[Recorded data]

BEGIN

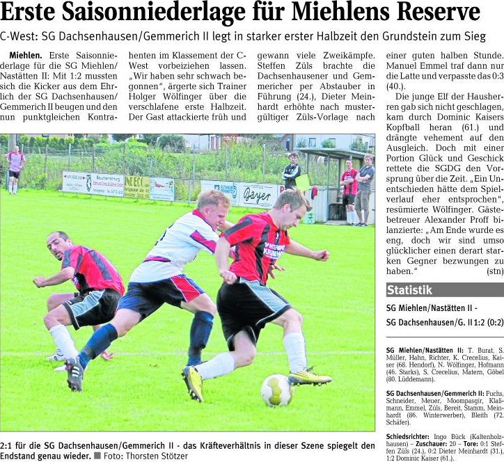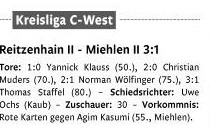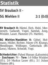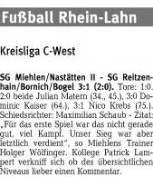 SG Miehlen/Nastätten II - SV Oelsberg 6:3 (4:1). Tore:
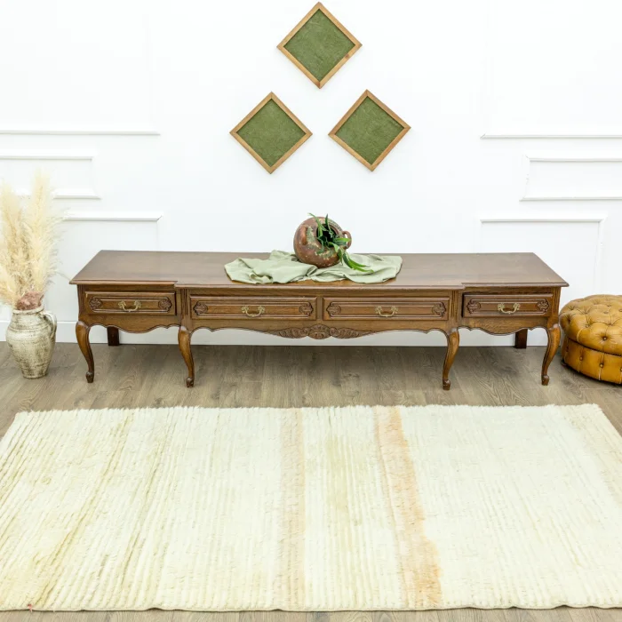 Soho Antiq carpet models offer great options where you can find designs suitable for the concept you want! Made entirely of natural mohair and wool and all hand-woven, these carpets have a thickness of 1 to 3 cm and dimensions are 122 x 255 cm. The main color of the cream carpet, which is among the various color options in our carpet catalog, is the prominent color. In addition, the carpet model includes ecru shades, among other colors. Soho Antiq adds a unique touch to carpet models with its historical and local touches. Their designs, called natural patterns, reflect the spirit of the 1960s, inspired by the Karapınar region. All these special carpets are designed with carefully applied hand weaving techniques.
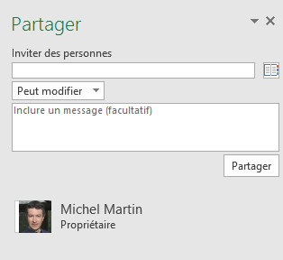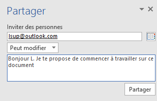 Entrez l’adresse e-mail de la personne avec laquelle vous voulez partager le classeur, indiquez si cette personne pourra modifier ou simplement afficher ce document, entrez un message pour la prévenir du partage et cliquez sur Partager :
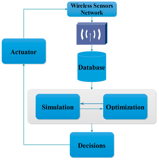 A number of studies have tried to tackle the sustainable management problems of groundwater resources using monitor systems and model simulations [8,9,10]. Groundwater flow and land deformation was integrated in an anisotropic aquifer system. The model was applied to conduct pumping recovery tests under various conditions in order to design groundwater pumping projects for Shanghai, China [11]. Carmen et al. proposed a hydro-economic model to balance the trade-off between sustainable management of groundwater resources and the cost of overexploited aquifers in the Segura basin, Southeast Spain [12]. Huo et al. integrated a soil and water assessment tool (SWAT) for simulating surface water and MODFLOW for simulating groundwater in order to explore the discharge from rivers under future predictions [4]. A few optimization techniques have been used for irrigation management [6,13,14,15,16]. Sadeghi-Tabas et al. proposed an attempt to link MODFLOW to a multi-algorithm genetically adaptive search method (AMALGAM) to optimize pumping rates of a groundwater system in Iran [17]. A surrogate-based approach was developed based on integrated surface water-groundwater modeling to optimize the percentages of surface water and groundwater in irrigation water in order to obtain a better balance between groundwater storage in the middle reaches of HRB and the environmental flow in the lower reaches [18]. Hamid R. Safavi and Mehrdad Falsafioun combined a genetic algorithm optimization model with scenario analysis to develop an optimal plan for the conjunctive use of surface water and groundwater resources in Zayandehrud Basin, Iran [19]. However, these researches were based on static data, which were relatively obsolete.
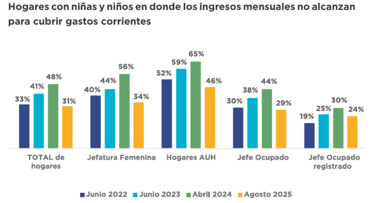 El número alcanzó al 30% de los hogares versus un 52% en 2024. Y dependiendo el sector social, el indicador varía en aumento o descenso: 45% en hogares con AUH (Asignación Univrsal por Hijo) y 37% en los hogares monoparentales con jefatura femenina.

END

**What is expected:** Word for word and without pictures, please write out only the lines from the start of the entries through the line containing "Soho Antiq carpet", both included.

**Exercise result:**
 SG Miehlen/Nastätten II - SV Oelsberg 6:3 (4:1). Tore:
 Soho Antiq carpet models offer great options where you can find designs suitable for the concept you want! Made entirely of natural mohair and wool and all hand-woven, these carpets have a thickness of 1 to 3 cm and dimensions are 122 x 255 cm. The main color of the cream carpet, which is among the various color options in our carpet catalog, is the prominent color. In addition, the carpet model includes ecru shades, among other colors. Soho Antiq adds a unique touch to carpet models with its historical and local touches. Their designs, called natural patterns, reflect the spirit of the 1960s, inspired by the Karapınar region. All these special carpets are designed with carefully applied hand weaving techniques.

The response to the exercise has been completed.